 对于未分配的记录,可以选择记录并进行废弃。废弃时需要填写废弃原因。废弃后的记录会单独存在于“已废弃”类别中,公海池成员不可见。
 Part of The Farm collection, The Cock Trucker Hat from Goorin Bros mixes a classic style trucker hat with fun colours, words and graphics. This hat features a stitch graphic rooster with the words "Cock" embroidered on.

···

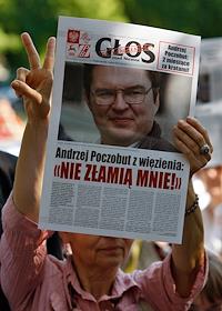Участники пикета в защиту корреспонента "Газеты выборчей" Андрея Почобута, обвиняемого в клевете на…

···

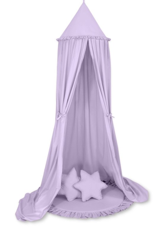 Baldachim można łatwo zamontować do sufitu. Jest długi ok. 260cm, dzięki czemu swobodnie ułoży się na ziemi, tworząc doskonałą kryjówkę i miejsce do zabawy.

···

Could you write out, exactly as they stand, only the lines above that begin at the line with "对于未分配的记录,可以选择记" and stop after the line with "Part of The"?

 对于未分配的记录,可以选择记录并进行废弃。废弃时需要填写废弃原因。废弃后的记录会单独存在于“已废弃”类别中,公海池成员不可见。
 Part of The Farm collection, The Cock Trucker Hat from Goorin Bros mixes a classic style trucker hat with fun colours, words and graphics. This hat features a stitch graphic rooster with the words "Cock" embroidered on.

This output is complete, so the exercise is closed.